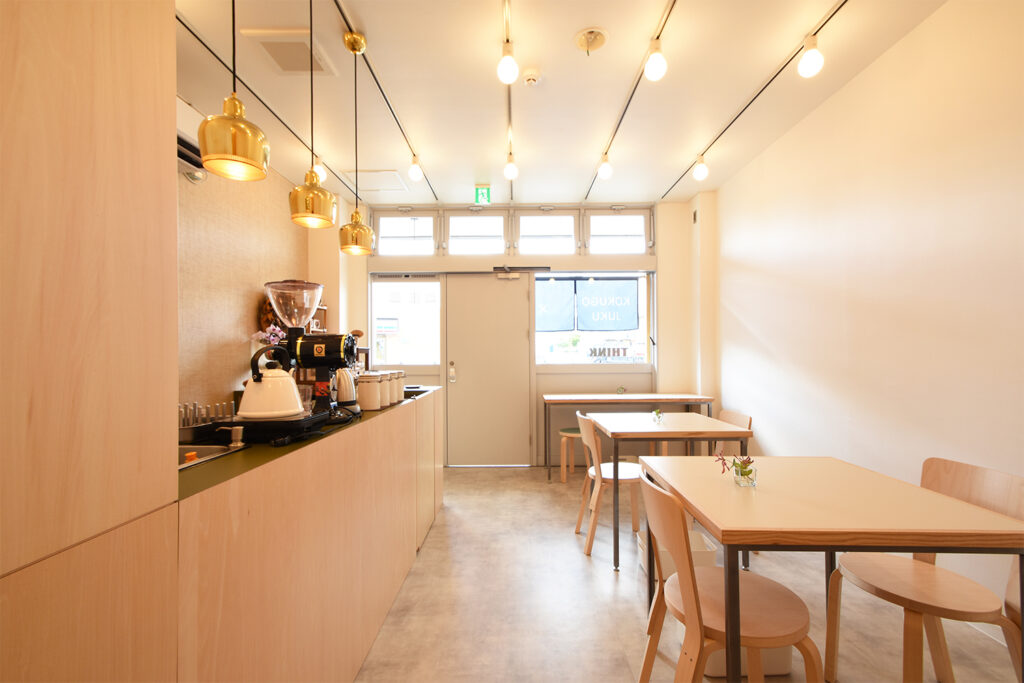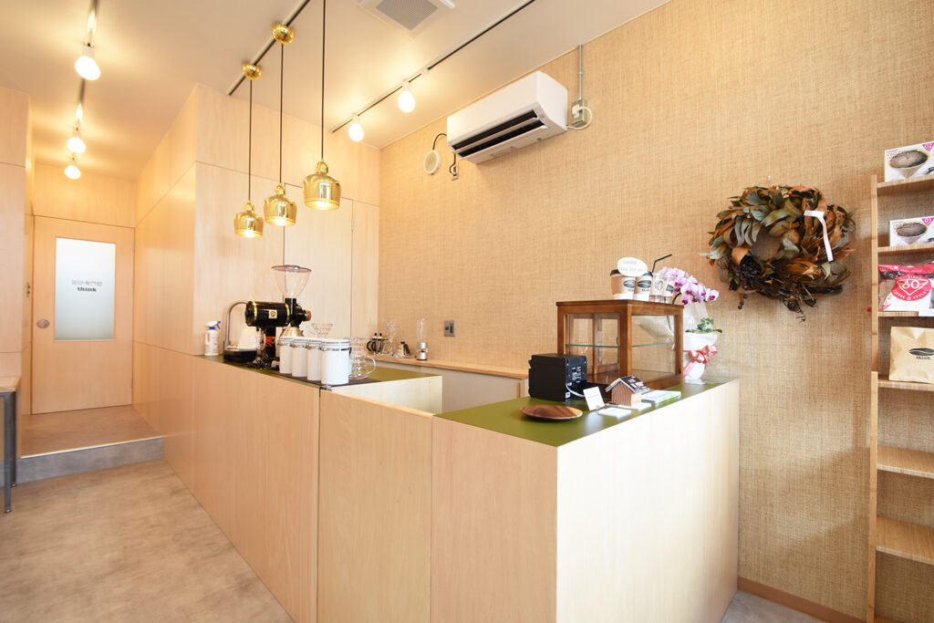 空き店舗をリノベーションし、奥さんが営むカフェ、ご主人が営む国語専門塾を併設しました。室内はご夫婦の好みに合わせナチュラルテイストに。空間分割(ゾーニング)は人の動線などを考慮し、塾を奥側に配置しています。カフェスペースのキッチンはシナ合板で仕上げ、テーブルも木で造作。店内では焙煎コーヒーとマフィンを中心においしいおやつを提供しており、全8席のコンパクトなお店ながら、明るい色合いの内装もあいまって居心地の良い空間となっています。
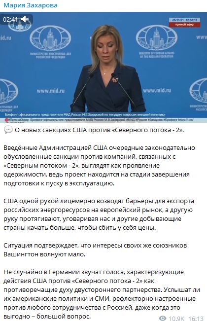 Так Захарова прокомментировала введённые недавно очередные санкции США против "Северного потока - 2". Вашингтон продолжает пытаться сорвать проект всеми доступными средствами, хотя газопровод уже построен и находится на стадии сертификации.
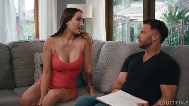 Desiree Dulce plays some porn on her TV. She begins to masturbate while watching the steamy action, squeezing her breasts and rubbing her pussy with growing intensity. Meanwhile, a census taker, Seth Gamble, arrives at Desiree's house and knocks on the front door. Nobody comes to the door, but Seth can hear Desiree panting inside, so he knows someone is home. Determined to get his job done, Seth tries to find another way to get Desiree's attention. While Desiree is energetically thrusting her fingers in and out of her hole, Seth finds an unlocked door at another part of the house, and ends up getting an eyeful! Desiree is shocked, but Seth says he just has to ask her a few questions for the census. The first few questions turn out to be boring, and Desiree is still horny from touching herself, so she offers to answer the rest of Seth's questions AFTER they have sex!
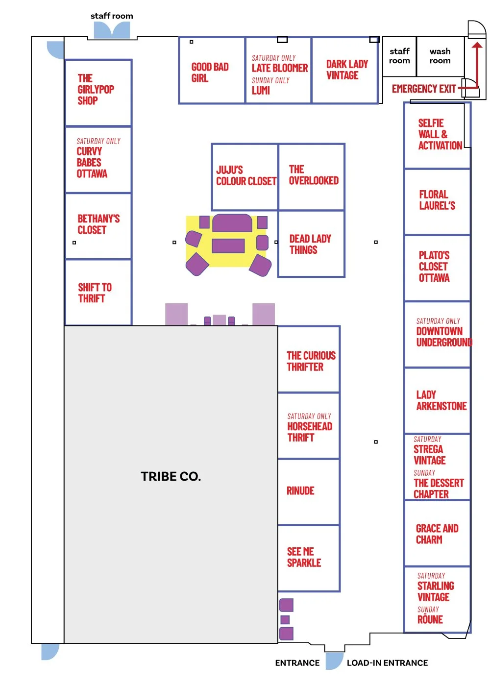 **Saturday vendors, if you plan to set up Friday, please send us an email letting us know what timeSaturday 8:30 am - 10:30 am
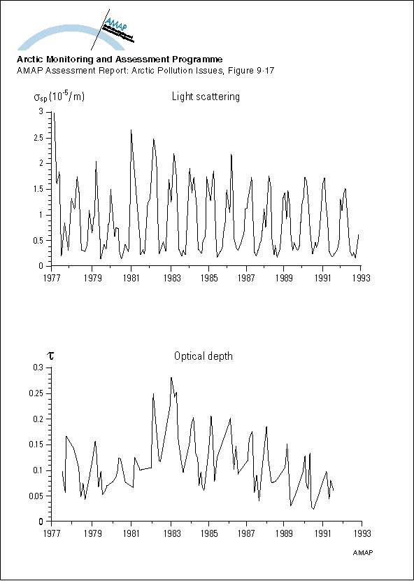 Bodhaine, B.A. and E.G. Dutton, 1993. A long-term decrease in Arctic haze at Barrow, Alaska. Geophys. Res. Lett. 20(10): 947-950. (AAR Figure 9.17)

(Instructions for the task) Working from the line with "am - 10:30 am" to the last line of the material above, repeat each line exactly and leave out the pictures.

(Exercise result)
 **Saturday vendors, if you plan to set up Friday, please send us an email letting us know what timeSaturday 8:30 am - 10:30 am
 Bodhaine, B.A. and E.G. Dutton, 1993. A long-term decrease in Arctic haze at Barrow, Alaska. Geophys. Res. Lett. 20(10): 947-950. (AAR Figure 9.17)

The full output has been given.